** About this task **
Below is a listing with pictures in it. Copy it exactly without them.

** Data segment **

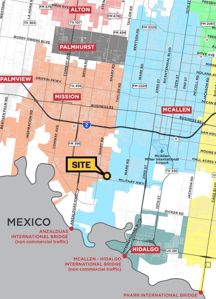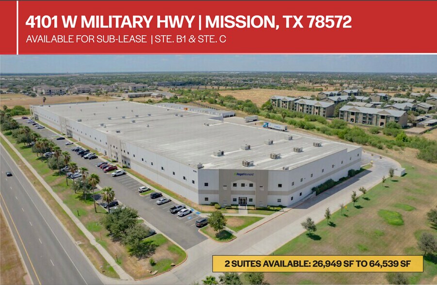 4101 W Military Hwy, in Mission Texas, is a 250,312 SF industrial warehouse located in the well established Sharyland Business Park, offering two suites available for lease. Suite B1 has 26,949 SF, with 2 dock high doors with 1 ramp. Suite C has 37,590 SF, with 5 dock high doors. Key features include 28’ clear height, concrete tilt walls, ESFR fire protection and LED lighting. The building is positioned with easy access to Interstate 2, providing connectivity to Interstate 69C for north-south transit. Just a short drive from the Anzalduas International Bridge, this location is ideal for businesses requiring cross-border operations and access to major transportation hubs.
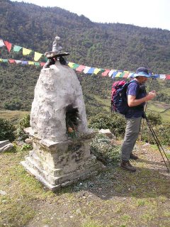 The following morning we were required to pay a "travel permission fee" to the local political group that control this region: "The Kirat Autonomous Republican Government". It kind of reminds me of the medieval city-states of Europe around here with different valleys having their own seperate governments. Nevertheless, the charge was not that high, and the gentleman who took our money was very polite and even let us take his photo. Afterwards, we began our walk and enjoyed perhaps the loveliest day of our trek yet, strolling along gentle trails in the sunshine through Juniper, Rhododendron, Heather and Ephedra clad meadows along the Hinku River, beneath the towering summits of Choure, Gonghla, and the Mera Himal.
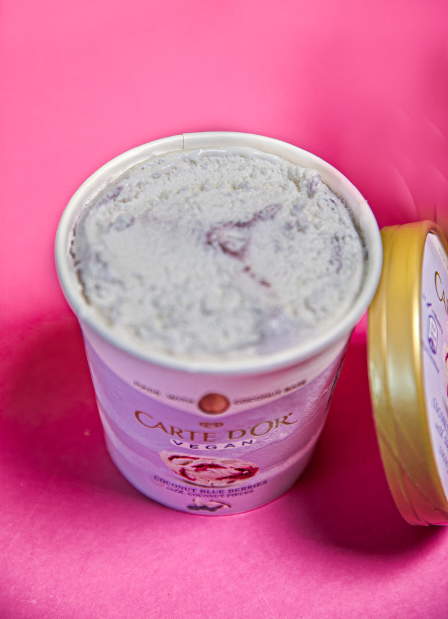 I sami smo iznenađeni da nam je jedan Carte d’Or sladoled ušao u izbor najboljih. S njihovom Belgijskom čokoladom nismo se usrećili na zadnjem testu, a ovu guilt free vegansku verziju sustavno smo izbjegavali jer je izgledala tako bezlično i dijetalno da nismo imali volje ni probati. Ipak, ovaj sladoled nije posve nezanimljiv. Prvo, baza su mu kokosovo mlijeko i kokosovo vrhnje. To mu daje udarni, nimalno profinjeni tropski okus koji na momente podsjeća na Tropical Blend, pa ako ste ljubitelj kokosa sigurno nećete ostati ravnodušni. S druge strane, proizvodi od kokosa često pate od vrlo neugodne masnoće koju realno mogu razbiti samo goleme količine limete i čilija. Ovdje su kokosovoj masnoći suprotstavili swirl od svježih šumskih borovnica neobično prirodne arome i okusa, koje nisu preslatke i dobro se slažu s kokosom. Jedan od glavnih aduta Carte d’Or Kokosa s borovnicom je 200-tinjak kalorija na 100 grama sladoleda, a nisu loše ni mrvice svježeg kokosa kojih je sladoled pun.
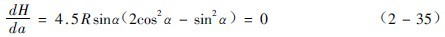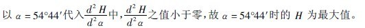 在拋落式工作的磨機中,磨礦作用主要來自鋼球落下時的動能。此動能的大小,與鋼球的落下高度(H)有關(guān),而鋼球的落下高度又決定于磨機的轉(zhuǎn)速。根據(jù)前面的論述,必然可從鋼球更大落下高度來決定磨機的合適轉(zhuǎn)速。照此理,將公式(2-29)取導(dǎo)數(shù),并令它等于零,就可以求出使鋼球有拋物落下高度時的脫離角,再從它找到相應(yīng)的轉(zhuǎn)速。

** Task result **
 4101 W Military Hwy, in Mission Texas, is a 250,312 SF industrial warehouse located in the well established Sharyland Business Park, offering two suites available for lease. Suite B1 has 26,949 SF, with 2 dock high doors with 1 ramp. Suite C has 37,590 SF, with 5 dock high doors. Key features include 28’ clear height, concrete tilt walls, ESFR fire protection and LED lighting. The building is positioned with easy access to Interstate 2, providing connectivity to Interstate 69C for north-south transit. Just a short drive from the Anzalduas International Bridge, this location is ideal for businesses requiring cross-border operations and access to major transportation hubs.
 The following morning we were required to pay a "travel permission fee" to the local political group that control this region: "The Kirat Autonomous Republican Government". It kind of reminds me of the medieval city-states of Europe around here with different valleys having their own seperate governments. Nevertheless, the charge was not that high, and the gentleman who took our money was very polite and even let us take his photo. Afterwards, we began our walk and enjoyed perhaps the loveliest day of our trek yet, strolling along gentle trails in the sunshine through Juniper, Rhododendron, Heather and Ephedra clad meadows along the Hinku River, beneath the towering summits of Choure, Gonghla, and the Mera Himal.
 I sami smo iznenađeni da nam je jedan Carte d’Or sladoled ušao u izbor najboljih. S njihovom Belgijskom čokoladom nismo se usrećili na zadnjem testu, a ovu guilt free vegansku verziju sustavno smo izbjegavali jer je izgledala tako bezlično i dijetalno da nismo imali volje ni probati. Ipak, ovaj sladoled nije posve nezanimljiv. Prvo, baza su mu kokosovo mlijeko i kokosovo vrhnje. To mu daje udarni, nimalno profinjeni tropski okus koji na momente podsjeća na Tropical Blend, pa ako ste ljubitelj kokosa sigurno nećete ostati ravnodušni. S druge strane, proizvodi od kokosa često pate od vrlo neugodne masnoće koju realno mogu razbiti samo goleme količine limete i čilija. Ovdje su kokosovoj masnoći suprotstavili swirl od svježih šumskih borovnica neobično prirodne arome i okusa, koje nisu preslatke i dobro se slažu s kokosom. Jedan od glavnih aduta Carte d’Or Kokosa s borovnicom je 200-tinjak kalorija na 100 grama sladoleda, a nisu loše ni mrvice svježeg kokosa kojih je sladoled pun.
 在拋落式工作的磨機中,磨礦作用主要來自鋼球落下時的動能。此動能的大小,與鋼球的落下高度(H)有關(guān),而鋼球的落下高度又決定于磨機的轉(zhuǎn)速。根據(jù)前面的論述,必然可從鋼球更大落下高度來決定磨機的合適轉(zhuǎn)速。照此理,將公式(2-29)取導(dǎo)數(shù),并令它等于零,就可以求出使鋼球有拋物落下高度時的脫離角,再從它找到相應(yīng)的轉(zhuǎn)速。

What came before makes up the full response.